Just as homes come in different styles and price ranges, so do the ways you can finance them. While it may be easy to tell if you prefer a rancher to a split-level or a Victorian look rather than colonial, figuring out which of the mortgage loan types that work best for you requires a little more research. There are many different mortgage loan types to choose from, and a great lender can walk you through all of your options. But you can start by understanding the 4 most common mortgage loan types.
This is the most commonly used type and usually has the best rates. You’ll typically need at least 10% for a down payment and good credit (usually at least 750). These types of loans can run for 15 or 30 years or “interest only” where you are not paying any principal in your payment. A conventional home loan is one that is not insured or guaranteed by the federal government in any way. This distinguishes it from the three government-backed mortgage types explained below (FHA, VA and USDA).

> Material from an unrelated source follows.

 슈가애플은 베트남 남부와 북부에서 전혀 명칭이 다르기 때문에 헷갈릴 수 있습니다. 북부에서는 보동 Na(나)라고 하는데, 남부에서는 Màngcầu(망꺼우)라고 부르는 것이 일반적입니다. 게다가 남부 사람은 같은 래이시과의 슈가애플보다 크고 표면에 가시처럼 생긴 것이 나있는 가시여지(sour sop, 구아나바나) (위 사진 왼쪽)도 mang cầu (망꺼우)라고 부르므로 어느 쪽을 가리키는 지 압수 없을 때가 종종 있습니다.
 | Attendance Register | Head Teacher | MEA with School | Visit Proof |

The Federal Housing Administration (FHA) mortgage insurance program is managed by the Department of Housing and Urban Development (HUD), which is a department of the federal government. Thought of as a first-time home loan program, FHA loans are actually available to all types of borrowers. The government insures the lender against losses that might result from borrower default. This program allows you to make a down payment as low as 3.5% of the purchase price and a much lower credit score minimum of 580. However, a credit score as low as 500 may be accepted with 10 percent down. The downside is that you’ll have to pay for mortgage insurance, which will increase the size of your monthly payments.

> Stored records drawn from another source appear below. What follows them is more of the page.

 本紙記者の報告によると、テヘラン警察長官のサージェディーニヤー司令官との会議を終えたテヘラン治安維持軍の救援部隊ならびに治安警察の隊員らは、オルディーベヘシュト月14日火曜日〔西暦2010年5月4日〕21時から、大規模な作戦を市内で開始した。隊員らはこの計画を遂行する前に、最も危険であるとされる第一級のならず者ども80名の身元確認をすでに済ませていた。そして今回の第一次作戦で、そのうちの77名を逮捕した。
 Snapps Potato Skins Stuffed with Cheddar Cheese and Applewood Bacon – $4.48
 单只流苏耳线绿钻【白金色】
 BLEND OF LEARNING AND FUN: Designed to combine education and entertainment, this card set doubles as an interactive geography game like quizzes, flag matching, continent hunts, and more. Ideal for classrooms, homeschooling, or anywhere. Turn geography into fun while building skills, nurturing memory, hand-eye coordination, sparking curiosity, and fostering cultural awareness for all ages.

Because of the fees associated with FHA loans, you may be better off with a conventional loan, if you can qualify for it. The FHA requires an upfront mortgage insurance premium (MIP) as well as an annual mortgage insurance premium paid monthly. If you put less than 10 percent down, the MIP must be paid until the loan is paid in full or until you refinance into a non-FHA loan. Conventional loans, on the other hand, do not have the upfront fee, and the private mortgage insurance (PMI) required for loans with less than 20 percent down automatically falls off the loan when your loan-to-value reaches 78 percent.
The U.S. Department of Veterans Affairs (VA) offers a zero down-payment loan product to military service members and their families. Similar to the FHA program, these types of mortgages are guaranteed by the federal government. This means the VA will reimburse the lender for any losses that may result from borrower default. The primary advantage of this program (and it’s a big one) is that borrowers can receive 100% financing for the purchase of a home. That means no down payment whatsoever.
USDA Rural Housing Loan
The USDA Mortgage Loan is another zero down-payment loan product which can only be used in designated areas & towns. However, don’t be fooled by the term “rural”; their definition of rural may be more flexible than you think. The program is managed by the Rural Housing Service (RHS), which is part of the Department of Agriculture. And this type of mortgage loan is offered to “rural’ residents who have a steady, low or modest income, and yet are unable to obtain adequate housing through conventional financing. Income must be no higher than 115% of the adjusted area median income [AMI].